◆ Assignment: Beginning with the first line below, retype exactly each line through the one containing "Подставка для столовых". Leave out all pictures.

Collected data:

□ □ □ □

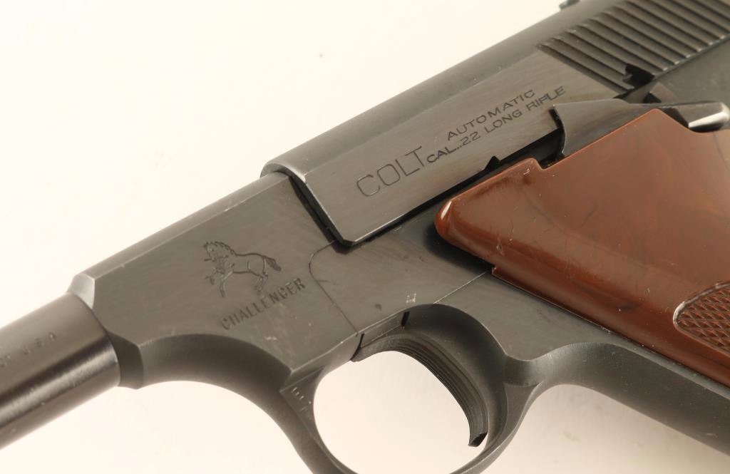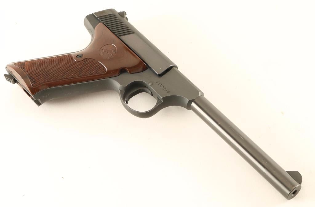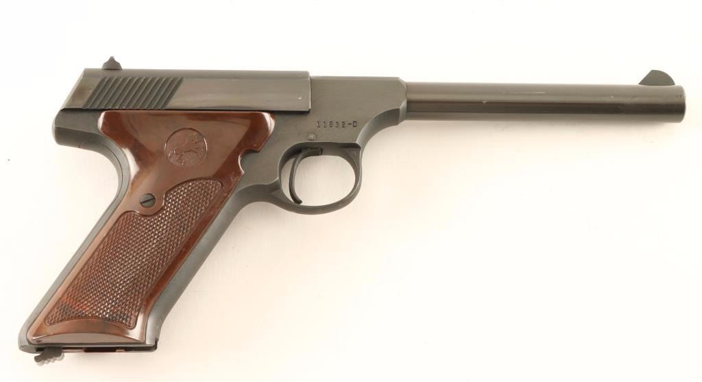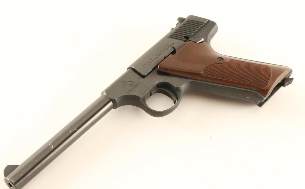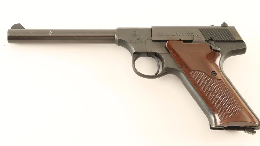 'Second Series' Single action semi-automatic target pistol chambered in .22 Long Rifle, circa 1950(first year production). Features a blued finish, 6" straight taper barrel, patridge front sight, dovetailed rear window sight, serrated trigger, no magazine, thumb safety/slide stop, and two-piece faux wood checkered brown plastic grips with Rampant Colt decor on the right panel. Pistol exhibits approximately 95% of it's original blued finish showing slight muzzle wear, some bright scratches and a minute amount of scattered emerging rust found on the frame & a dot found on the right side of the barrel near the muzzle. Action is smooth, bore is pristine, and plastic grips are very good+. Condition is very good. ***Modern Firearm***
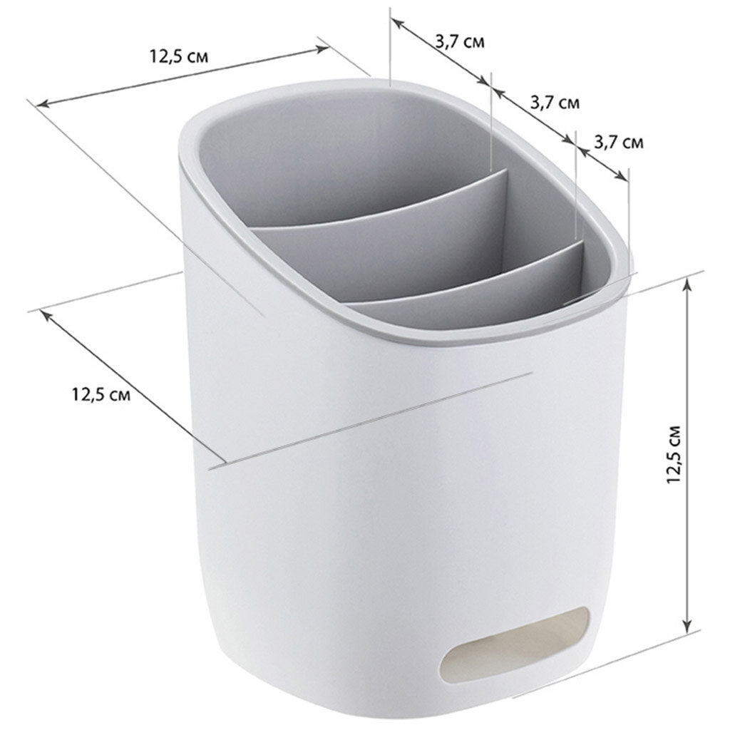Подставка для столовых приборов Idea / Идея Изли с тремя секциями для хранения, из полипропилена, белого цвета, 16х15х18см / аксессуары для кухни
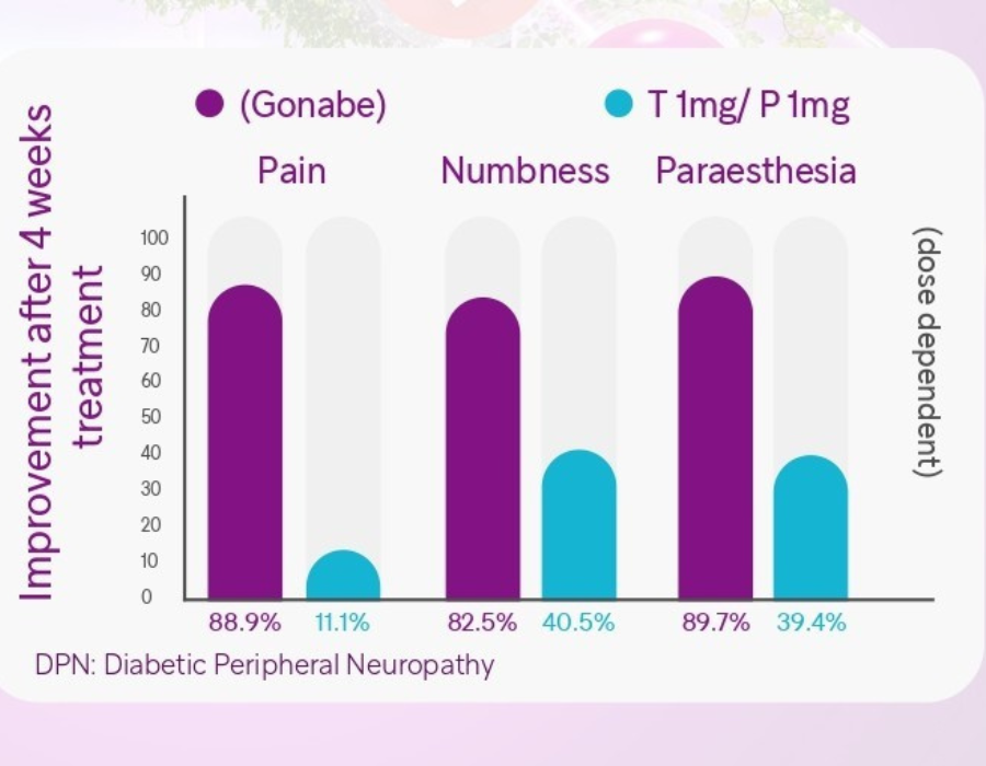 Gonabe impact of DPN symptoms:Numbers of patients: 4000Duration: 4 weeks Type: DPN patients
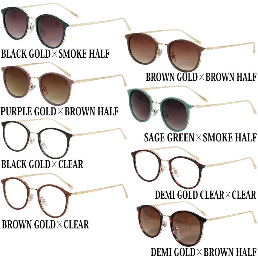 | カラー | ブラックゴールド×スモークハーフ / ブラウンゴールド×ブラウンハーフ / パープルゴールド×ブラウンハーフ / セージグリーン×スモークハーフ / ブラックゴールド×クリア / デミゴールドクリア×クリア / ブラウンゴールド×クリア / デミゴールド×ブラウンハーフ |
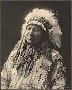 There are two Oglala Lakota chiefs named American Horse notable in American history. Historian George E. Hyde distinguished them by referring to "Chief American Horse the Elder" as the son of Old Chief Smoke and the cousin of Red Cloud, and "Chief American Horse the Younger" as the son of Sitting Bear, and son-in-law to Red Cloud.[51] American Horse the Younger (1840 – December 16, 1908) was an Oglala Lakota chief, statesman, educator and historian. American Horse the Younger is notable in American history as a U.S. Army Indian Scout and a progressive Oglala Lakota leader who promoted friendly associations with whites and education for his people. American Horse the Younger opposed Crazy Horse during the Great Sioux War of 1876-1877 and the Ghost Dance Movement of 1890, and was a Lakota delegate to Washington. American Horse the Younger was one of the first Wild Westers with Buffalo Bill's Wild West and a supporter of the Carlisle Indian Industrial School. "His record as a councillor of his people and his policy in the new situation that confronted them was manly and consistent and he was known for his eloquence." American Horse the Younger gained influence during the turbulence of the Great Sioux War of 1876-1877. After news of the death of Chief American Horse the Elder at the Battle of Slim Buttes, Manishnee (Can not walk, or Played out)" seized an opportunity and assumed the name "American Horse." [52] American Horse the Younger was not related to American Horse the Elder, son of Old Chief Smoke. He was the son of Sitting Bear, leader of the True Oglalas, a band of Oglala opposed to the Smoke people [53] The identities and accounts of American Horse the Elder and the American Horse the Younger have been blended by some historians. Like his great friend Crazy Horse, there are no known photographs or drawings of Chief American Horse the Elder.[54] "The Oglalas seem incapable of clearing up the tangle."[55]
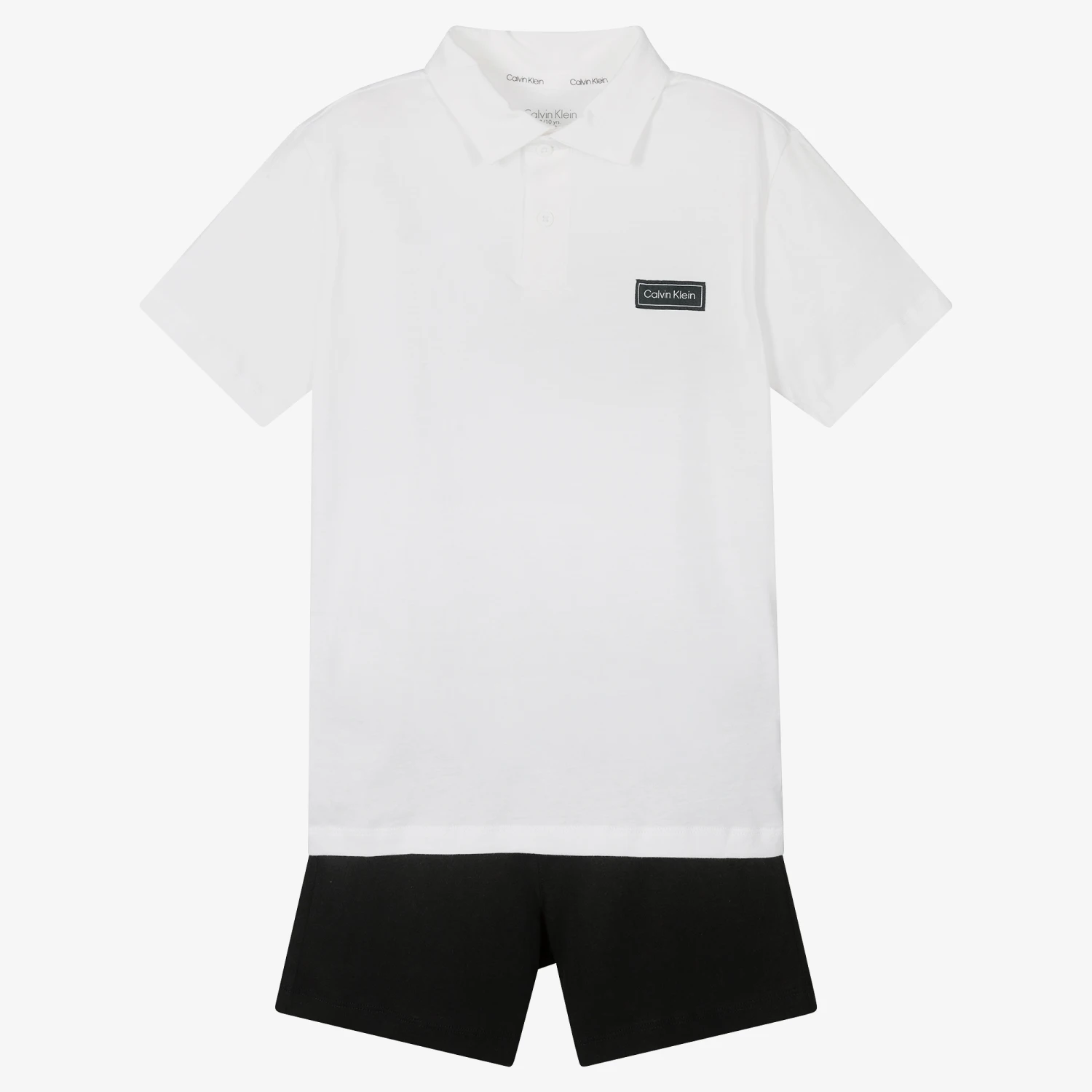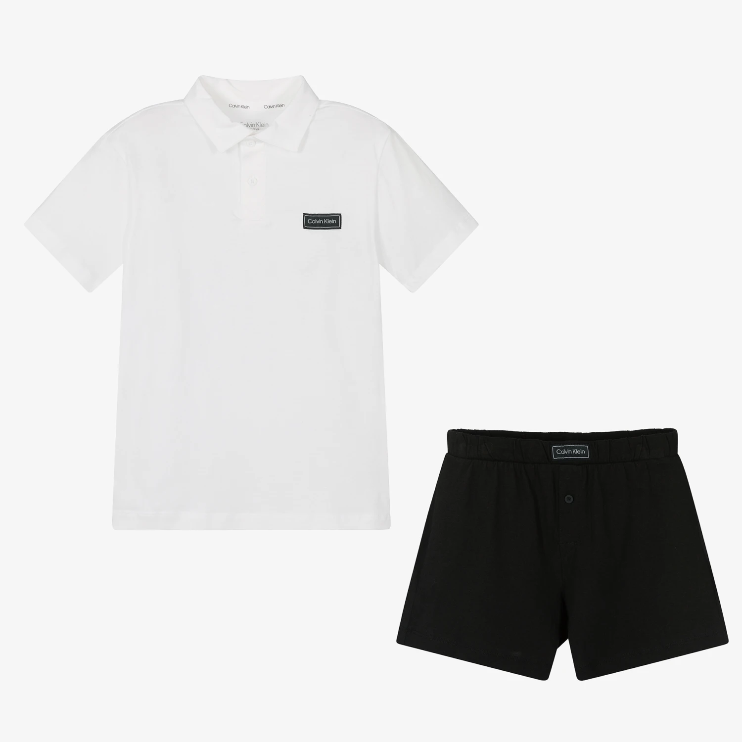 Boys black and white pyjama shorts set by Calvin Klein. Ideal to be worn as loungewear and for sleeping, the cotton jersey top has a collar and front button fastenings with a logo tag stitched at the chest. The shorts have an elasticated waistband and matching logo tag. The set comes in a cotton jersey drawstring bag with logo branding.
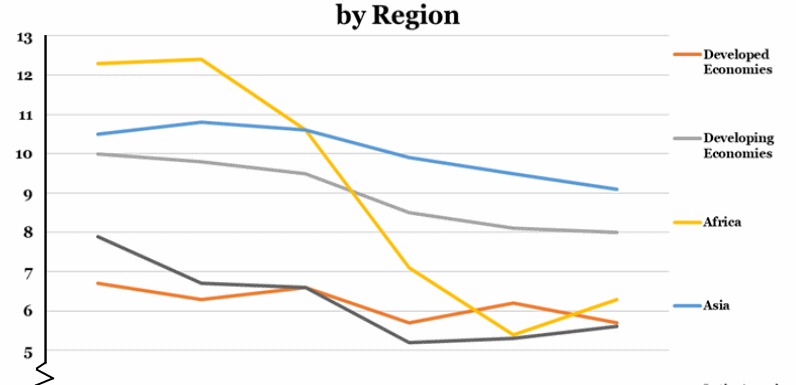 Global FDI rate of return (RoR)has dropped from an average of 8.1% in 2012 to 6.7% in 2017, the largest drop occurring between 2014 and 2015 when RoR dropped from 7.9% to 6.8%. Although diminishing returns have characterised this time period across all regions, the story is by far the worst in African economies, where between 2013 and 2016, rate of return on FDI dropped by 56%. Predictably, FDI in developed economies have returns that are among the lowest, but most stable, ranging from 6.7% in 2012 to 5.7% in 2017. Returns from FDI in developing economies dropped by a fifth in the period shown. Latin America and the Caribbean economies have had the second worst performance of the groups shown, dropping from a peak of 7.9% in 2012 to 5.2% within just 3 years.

□ □ □ □

◆ Solution for this problem:
 'Second Series' Single action semi-automatic target pistol chambered in .22 Long Rifle, circa 1950(first year production). Features a blued finish, 6" straight taper barrel, patridge front sight, dovetailed rear window sight, serrated trigger, no magazine, thumb safety/slide stop, and two-piece faux wood checkered brown plastic grips with Rampant Colt decor on the right panel. Pistol exhibits approximately 95% of it's original blued finish showing slight muzzle wear, some bright scratches and a minute amount of scattered emerging rust found on the frame & a dot found on the right side of the barrel near the muzzle. Action is smooth, bore is pristine, and plastic grips are very good+. Condition is very good. ***Modern Firearm***
Подставка для столовых приборов Idea / Идея Изли с тремя секциями для хранения, из полипропилена, белого цвета, 16х15х18см / аксессуары для кухни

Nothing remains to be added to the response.